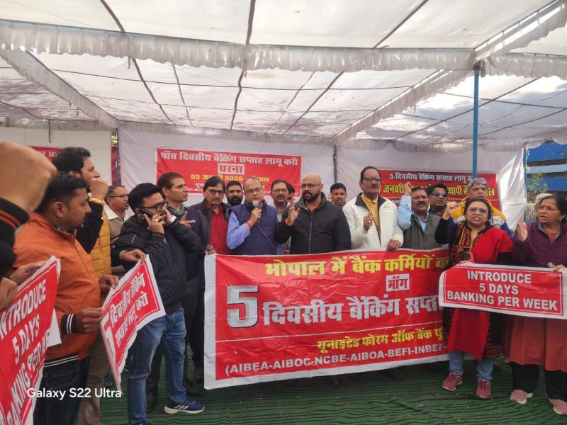 भोपाल की सड़कों पर उतरे बैंक कर्मचारी, सरकार से की पाँच दिवसीय सप्ताह की अपील
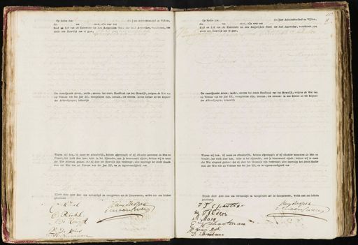 W: De Vries F: H: Niemann ip heden den Zeven en Twintigsten September des Jaars Achttienhonderd en Vijfien, des Inisdips ten Eg uren, zijn voor ons ae Insteehag de vsterg Raad en Lid van de Kommissie tot den Burgerlijken Stand der Stad Amsterdam, verschenen, ten einde een Huwelijk aan te gaan, uisseren Johann Cons Christoph Schulze, van Verbinghanden in het Vorstendom Lippe Bakkerskrest oan iht en twintig Jaren Wonende Alhier Meerderjarige Doon Van Johann Oito Schulze en Amilia Krawinkel. beide Overledeng ten Eent zyde En Margaretha Aalders van Amsterdam dienstbaar, oud Vyf en twintig Taren, Wonende Alhier Merderjarige Dochter van Jan Alwa Orack oerde overleden ter andere zyde Valders De voorafgaande Acten, welke, nevens het zesde Hoofdstuk van het Huwelijk, volgens de Wet van 25 Ventose van het jaar Elf, voorgelezen zijn, bestaan, ten eersten: in een Extract uit het Register der Afkondigingen, behoordi zhin geschied den zerebunven in Veu pwirg Vigsten September Laastbedenen ten tweden de Doot tevullen der Verlookden ten derden der Doodsedullen der Onderen van de Brun„ Voorts Verklaarden ons de aanstaande Echtgenoten, genisent de Ondergeteekende getuigen, onder presentatie van Eeden het Overlyden Groot Onderen der Bruidigome den Ondegen en Nederzy in Jan Waarna wij hun, bij name en afzonderlijk, hebben afgevraagd: of zij elkander zannamen als Man en Vrouw; het welk door hun, ieder in het bijzonder, met ja beantwoord zijnde, hebben wij in naam der Wet uitspraak gedaan: dat zij door het Huwelijk zijn verëenigd; alles ingevolge het derde Hoofd- stuk der Wet van 20 Ventose van het Jaar Elf, en in tegenwoordigheid van d Pachoor kars Pasben s on Twee en Veertig Jarnig East Hendrik Satman Bakker oud Twee en Vyftig Janen Gysbertus Van Dyk Tapper Dirk Braakman Burwaker vor Oud Een en Zestig Parnn. Vier en dertig, Claarje de Worendeblhier Zijnde deze Acte door ons vervaardigd en voorgelezen aan de Comparanten, welke met ons hebben geteekend. Huydrssel JJ E schuttge mvonswile WJ R.C der A. Mari 3 CGhoatman P Van Dyk
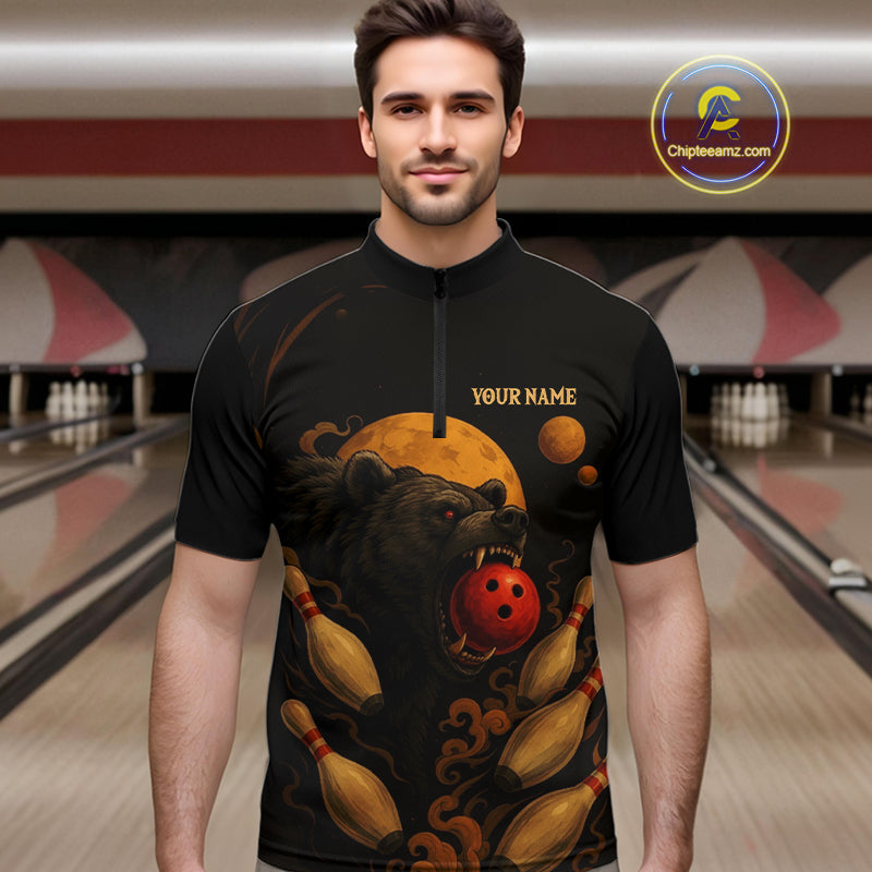Custom Black Bear Bowling Men Polo, Quarter Zip Shirts Bear Bowling Team Jerseys NQS10781
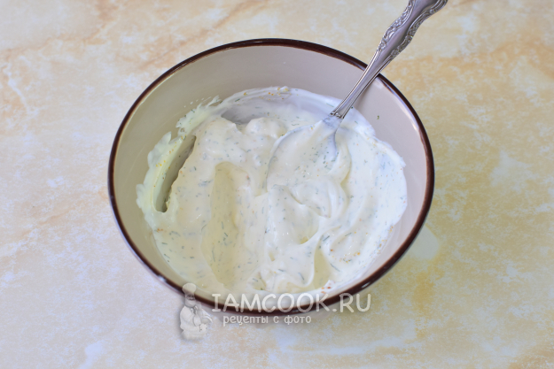 Для соуса смешайте сметану с майонезом. Добавьте измельченный чеснок. По вкусу добавьте соль и специи.
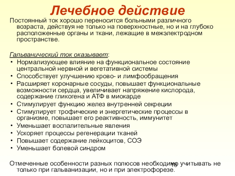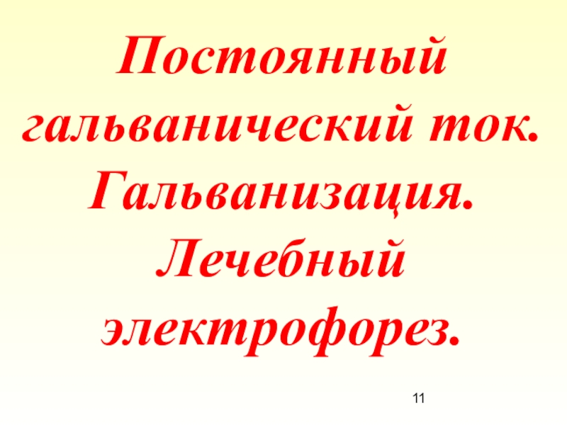 Слайд 11Постоянный гальванический ток. Гальванизация. Лечебный электрофорез.
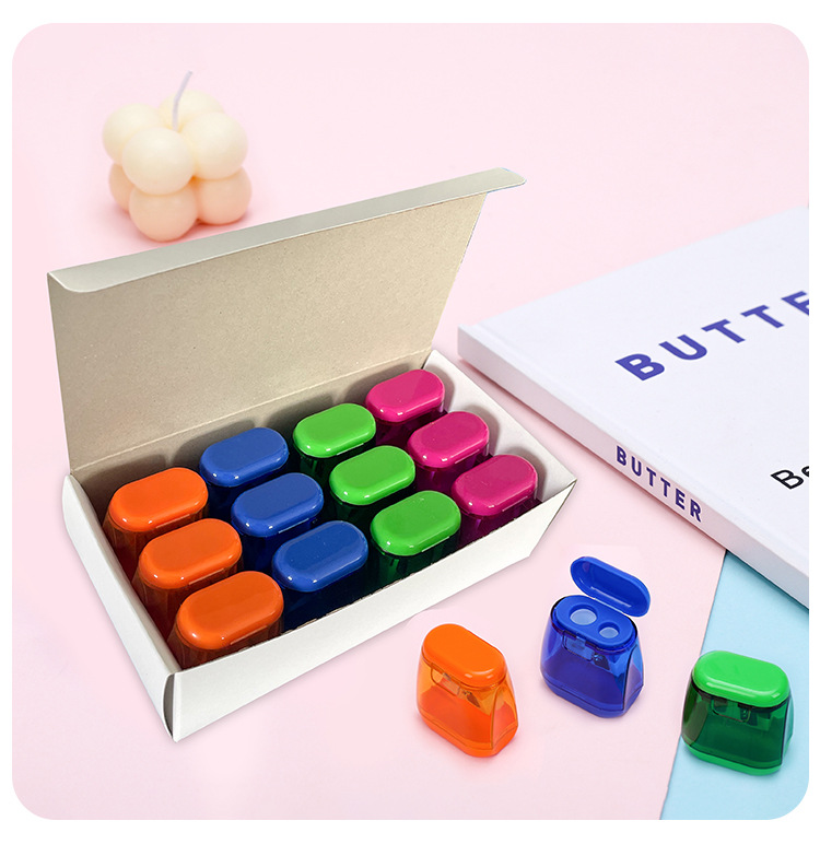 新学期用二穴蓋付き鉛筆削り 小学生専用 小型プラスチック製手動鉛筆削り 工場卸売

### Action item
Reproduce, with no pictures, the lines from the one containing "Слайд 11Постоянный гальванический" to the end of the records above, exactly and inclusively.

### Worked solution
 Слайд 11Постоянный гальванический ток. Гальванизация. Лечебный электрофорез.
 新学期用二穴蓋付き鉛筆削り 小学生専用 小型プラスチック製手動鉛筆削り 工場卸売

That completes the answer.